# Job market for C,C++



## srikar (Mar 26, 2013)

Hello all

Anybody working on c or c++ in NZ?.
How is the market for this over there?
I will be coming to AUS shortly in 189 visa.
Just wanted to know about job prospects in my line of work.

Thanks in advance.


----------



## srikar (Mar 26, 2013)

srikar said:


> Hello all
> 
> Anybody working on c or c++ in NZ?.
> How is the market for this over there?
> ...


Guys can you please help on this


----------



## escapedtonz (Apr 6, 2012)

srikar said:


> Hello all
> 
> Anybody working on c or c++ in NZ?.
> How is the market for this over there?
> ...


Not my field of expertise whatsoever, but I've just done a search on www.seek.co.nz quoting C and C ++ programming jobs and it came up with 566 of them for the whole of NZ!!!
I'd say there's a job market for your skills.


----------



## srikar (Mar 26, 2013)

escapedtonz said:


> Not my field of expertise whatsoever, but I've just done a search on Jobs on SEEK - New Zealand's no.1 Employment, Career and Recruitment site quoting C and C ++ programming jobs and it came up with 566 of them for the whole of NZ!!!
> I'd say there's a job market for your skills.
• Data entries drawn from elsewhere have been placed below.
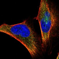Assay for determining the subcellular location of the encoded protein(s) in human cell lines by indirect immunofluorescence and confocal microscopy. The antibody-based staining is generally carried out in U2OS and up to two additional cell lines, selected based on RNA expression. Representative multi-color images showing the protein of interest in green are displayed below. The images also include markers for the nucleus (blue), microtubules (red) and ER (yellow). All images are clickable for an enlarged view. For an overview of cellular compartments, visit the cell structure dictionary.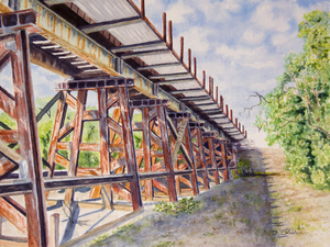 In this watercolor landscape of a rusty bridge, I was trying to capture the feel of the mid day heat, the way the daylight plays with the shadows cast by the bridge and how time has weathered the steel structure to rusty beams still standing proud and ready to be traveled on by the next train. I painted this watercolor on cold press paper using masking technique along with both wet on wet and wet on dry methods. Completed on 9-15-21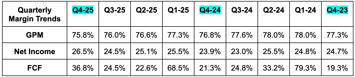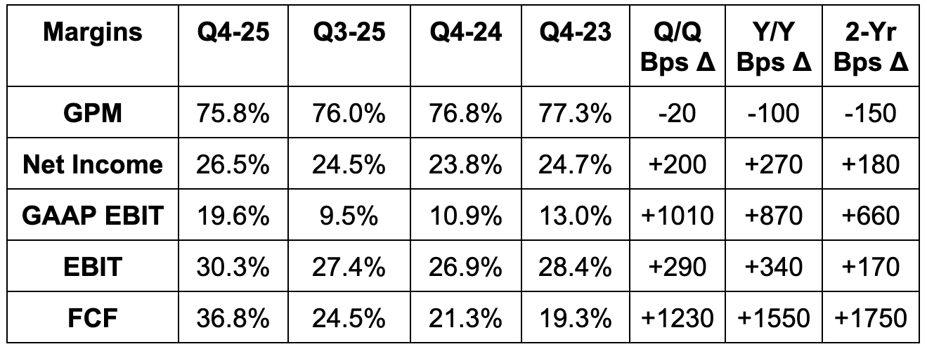 - Annual 38.5% FCF margin guidance beat 37.5% margin estimates.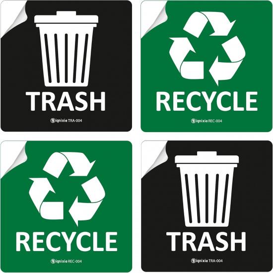 IGNIXIA (Pack of 04 Recycle and Trash Sign Decals self Adhesive - Recycling Stickers Recycle and Trash Sticker for Trash can with Over Lamination -
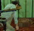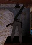 nach vorne an die Kante und nimm das Gewehr heraus. Unten auf dem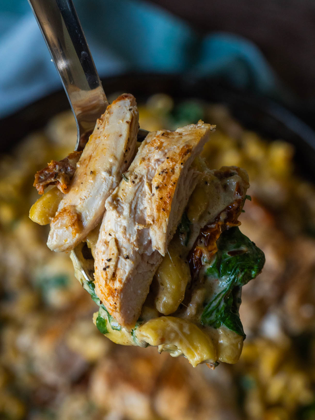I’m all about the one-pot pastas lately, because they make for great quick and satisfying weeknight meals, but this one has definitely taken the lead. The combination of the seared, seasoned chicken breast with the chew of the noodles in that creamy, cheesy sauce is just about perfect, and the Tuscan flavor combo of spinach and sun-dried tomato has this slight sharpness that cuts through the richness in a way that only lifts it up.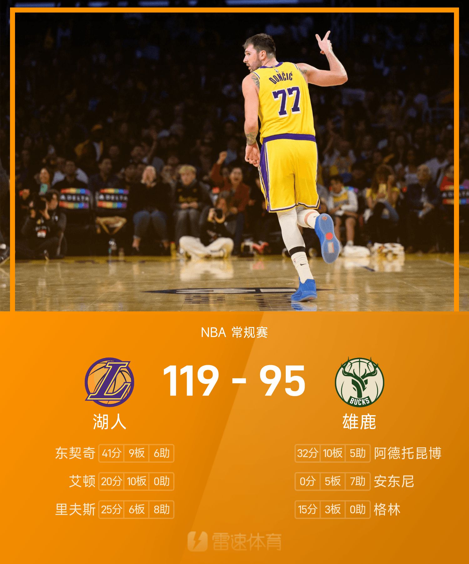 东契奇砍下赛季第4次40+并带队客队场大胜对手。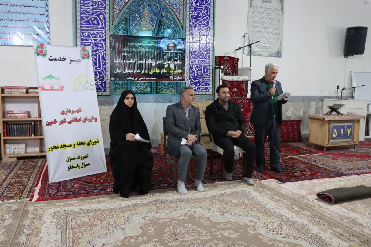 🔹 شانزدهمین میز خدمت شهرداری و شورای اسلامی شهر خمین شامگاه امروز، پس از نماز مغرب و عشاء، در مسجد حضرت علی بن ابیطالب (ع) واقع در خیابان سردار شهید حسین شمسی برگزار شد.

Thanks Escaped, for your inputs.
I had a look at Seek,but trying to get the info about market from the guys working in c/c++ over there so that it would be more practical.


----------



## topcat83 (Apr 16, 2009)

srikar said:


> Thanks Escaped, for your inputs.
> I had a look at Seek,but trying to get the info about market from the guys working in c/c++ over there so that it would be more practical.


Not sure how much more useful information we can give.
I'm in IT, working on a project with a load of C/C++/C# developers, and - yes - there is work out there for good developers!
What more can we say???


----------



## srikar (Mar 26, 2013)

topcat83 said:


> Not sure how much more useful information we can give.
> I'm in IT, working on a project with a load of C/C++/C# developers, and - yes - there is work out there for good developers!
> What more can we say???


Thanks TopCat for your insight.Hope we cross our paths in future.


----------



## Grayburg (Sep 13, 2013)

Apart from just responding to adverts also check out if IT companies are advertising themselves (ie not recruitment agencies) and contact them directly to market yourself and skillset. Even if this doesn't yield a job offer you can arrange to meet in advance when you get here and they should give an indication of the opportunities available based on projects they currently have.


----------